Andy Pando

Personal information
- Full name: Andy Robert Pando García
- Date of birth: 28 July 1983 (age 42)
- Place of birth: Lima, Peru
- Height: 1.76 m (5 ft 9 in)
- Position: Forward

Youth career
- 1999-2001: Deportivo Zúñiga
- Sporting Cristal
- Unión de Campeones

Senior career*
- Years: Team / Apps / (Gls)
- 2003–2006: Universidad San Marcos /  / (18)
- 2007: Alianza Atlético / 9 / (0)
- 2008–2009: Universidad San Marcos / 24 / (15)
- 2010: Colegio Nacional Iquitos / 11 / (7)
- 2010–2011: Sporting Cristal / 27 / (7)
- 2011: León de Huánuco / 7 / (0)
- 2012: Real Garcilaso / 43 / (27)
- 2013: Las Palmas / 7 / (0)
- 2013–2014: César Vallejo / 53 / (14)
- 2015: La Equidad / 27 / (6)
- 2016: Alianza Lima / 25 / (7)
- 2017–2018: César Vallejo / 41 / (28)
- 2019: Unión Huaral / 5 / (0)
- 2020: Deportivo Municipal / 19 / (2)
- 2021: Los Chankas / 21 / (12)

= Andy Pando =

Peruvian footballer (born 1983)

Andy Robert Pando García (born 28 July 1983), commonly known as Andy Pando, is a Peruvian former professional footballer who played as a forward. His nicknamed is El Oso (The Bear)

==Career==
Pando began his senior career in 2003 with Peruvian Segunda División side Universidad San Marcos He scored his first professional goal on 6 July 2003 in his club's win over América Cochahuayco in round 10 of that season, with Pando scoring the winning goal. He stayed with Universidad San Marcos until the end of the 2006 season, scoring a total of 18 goals in four seasons there.

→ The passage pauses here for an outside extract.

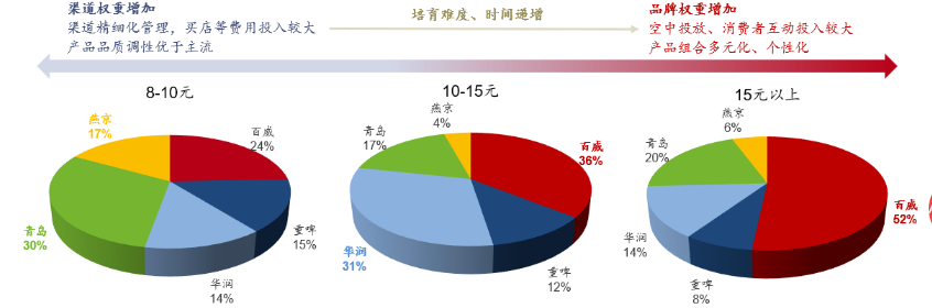 从竞争格局来看,8元—10元价格带作为6元的自然升级,企业竞争除了产品品质优化,更看重终端掌控力。15元以上超高档价格带,则在产品矩阵丰富的同时,需要持续投入赞助、举办大型活动等拉升品牌调性。当前,各价格带竞争表现层次分明,即百威培育超高端,华润借喜力占位高端,青啤以及燕京则享有次高端扩容红利。
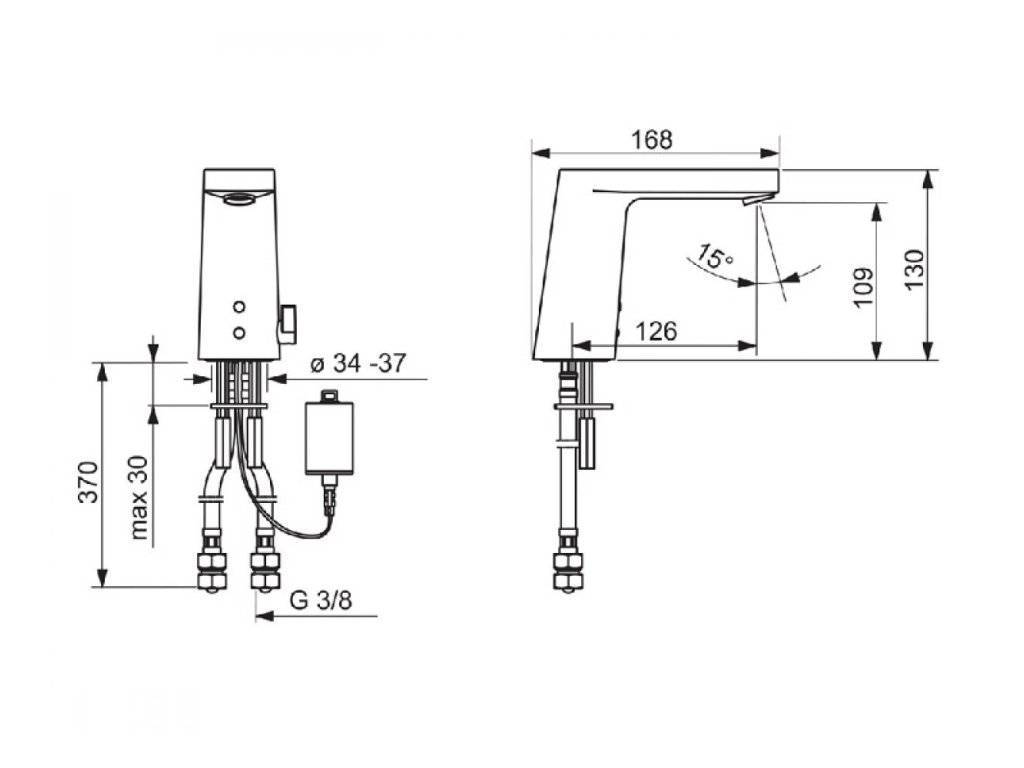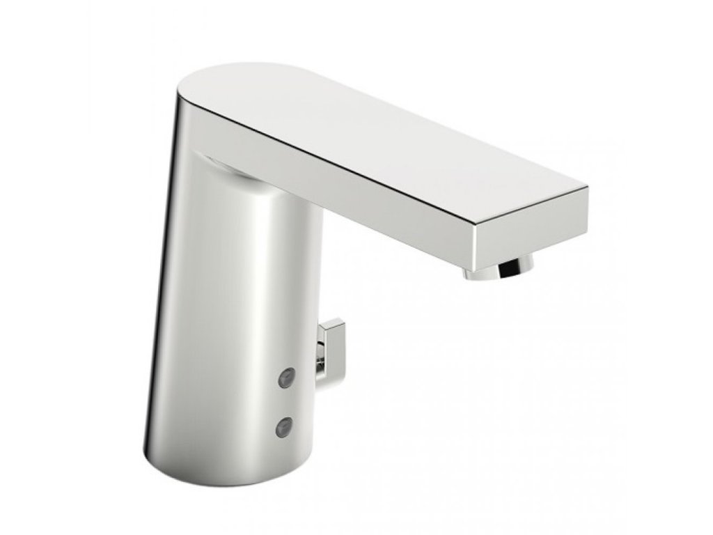 HANSASTELA - umývadlová senzorová batéria s ovládacou rukoväťou pre reguláciu teploty vody. S tlačným uzáverom odpadu.

Finally in January 2007 Pando would have his first spell in the Peruvian top-flight by joining Alianza Atlético. There he made his Torneo Descentralizado league debut on 14 February 2007 in a 0–0 draw at home against FBC Melgar.

In 2012 he played for Real Garcilaso and finished as the Torneo Descentralizado's top goalscorer with 27 goals. He was separated from the team before the second match in the final against Sporting Cristal. The club Garcilaso resolved his contract claiming he had a "lack of identification with the club".